The task – Among the entries below, only the lines from the one with "Co-Ord Roll neck" through the one with "Как обычно, мы" are wanted, reproduced exactly. Pictures are not wanted.

Material for this task –
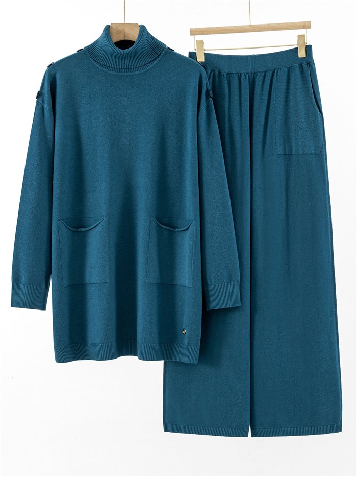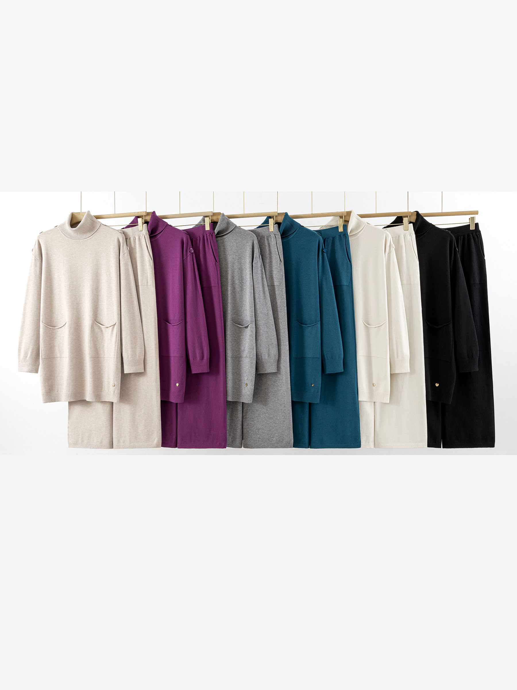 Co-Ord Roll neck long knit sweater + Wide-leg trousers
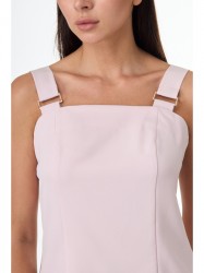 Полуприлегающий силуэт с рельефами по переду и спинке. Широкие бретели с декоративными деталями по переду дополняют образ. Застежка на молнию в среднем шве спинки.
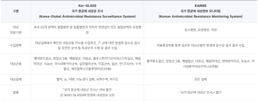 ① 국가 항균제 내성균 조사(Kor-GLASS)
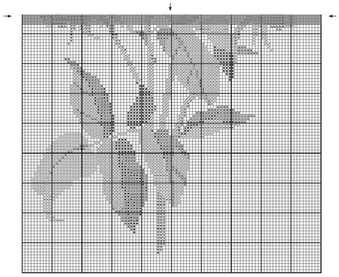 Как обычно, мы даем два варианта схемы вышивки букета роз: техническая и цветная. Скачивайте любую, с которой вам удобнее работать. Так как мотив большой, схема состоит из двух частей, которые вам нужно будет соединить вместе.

==

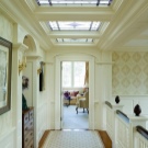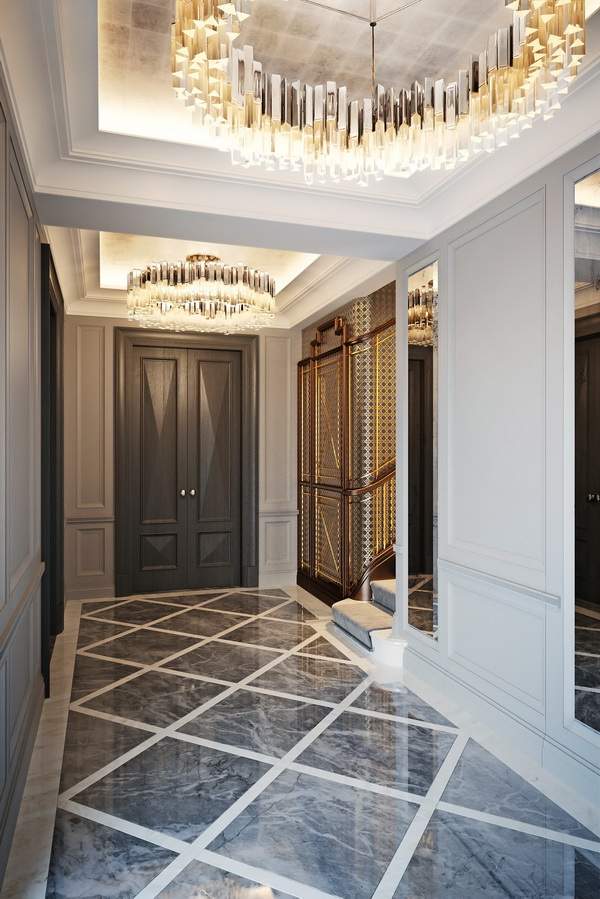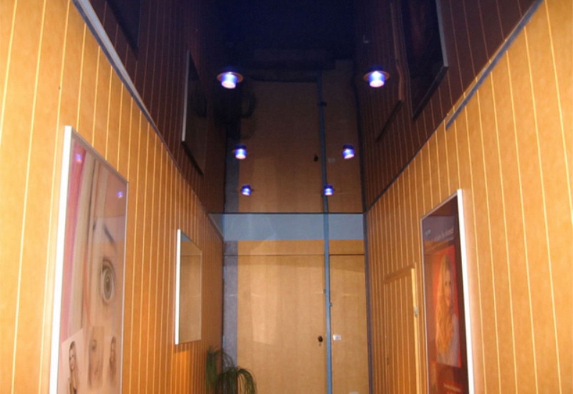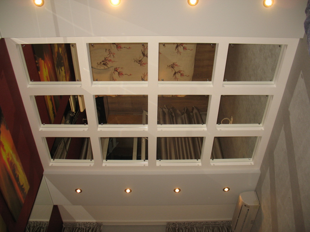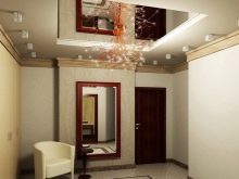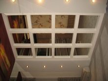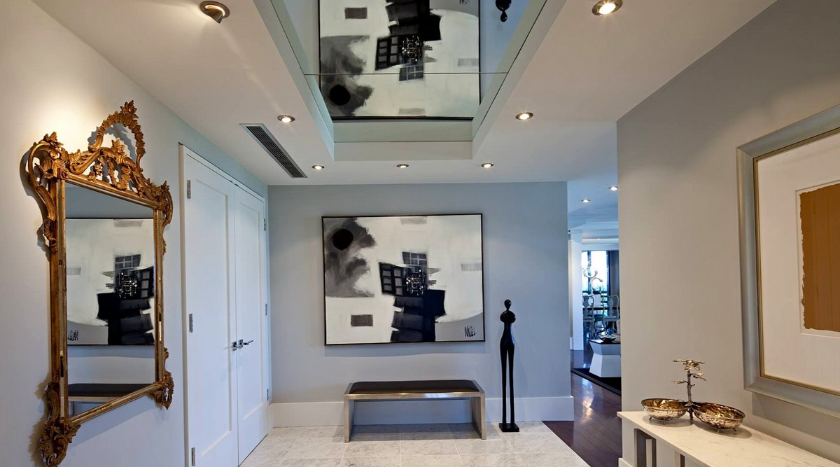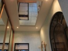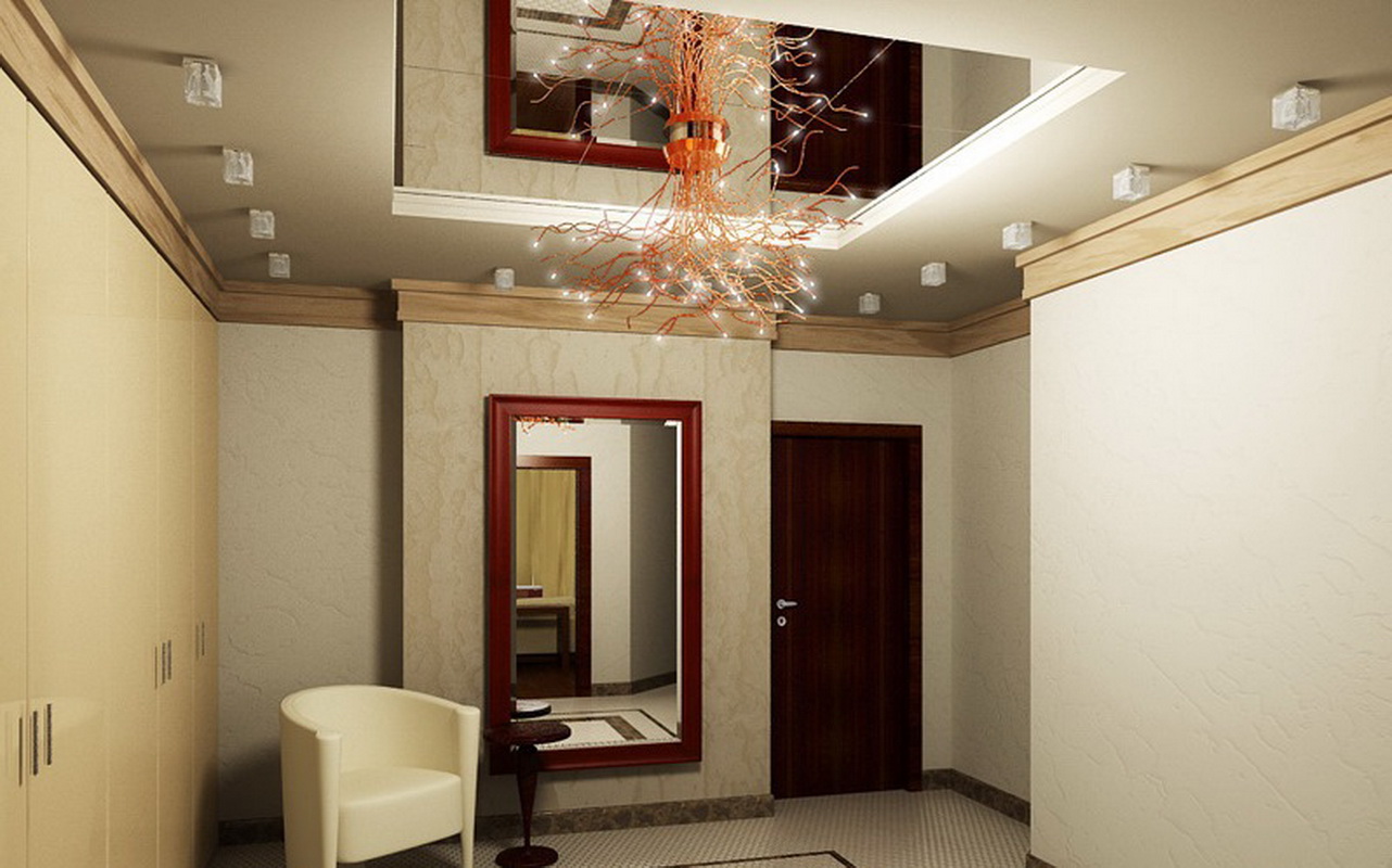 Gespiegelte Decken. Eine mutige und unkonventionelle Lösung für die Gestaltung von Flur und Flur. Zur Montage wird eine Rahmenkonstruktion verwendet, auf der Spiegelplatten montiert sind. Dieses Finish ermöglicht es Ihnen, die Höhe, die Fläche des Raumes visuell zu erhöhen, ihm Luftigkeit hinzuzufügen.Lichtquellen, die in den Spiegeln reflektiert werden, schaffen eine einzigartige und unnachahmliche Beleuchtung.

Answer area –
 Co-Ord Roll neck long knit sweater + Wide-leg trousers
 Полуприлегающий силуэт с рельефами по переду и спинке. Широкие бретели с декоративными деталями по переду дополняют образ. Застежка на молнию в среднем шве спинки.
 ① 국가 항균제 내성균 조사(Kor-GLASS)
 Как обычно, мы даем два варианта схемы вышивки букета роз: техническая и цветная. Скачивайте любую, с которой вам удобнее работать. Так как мотив большой, схема состоит из двух частей, которые вам нужно будет соединить вместе.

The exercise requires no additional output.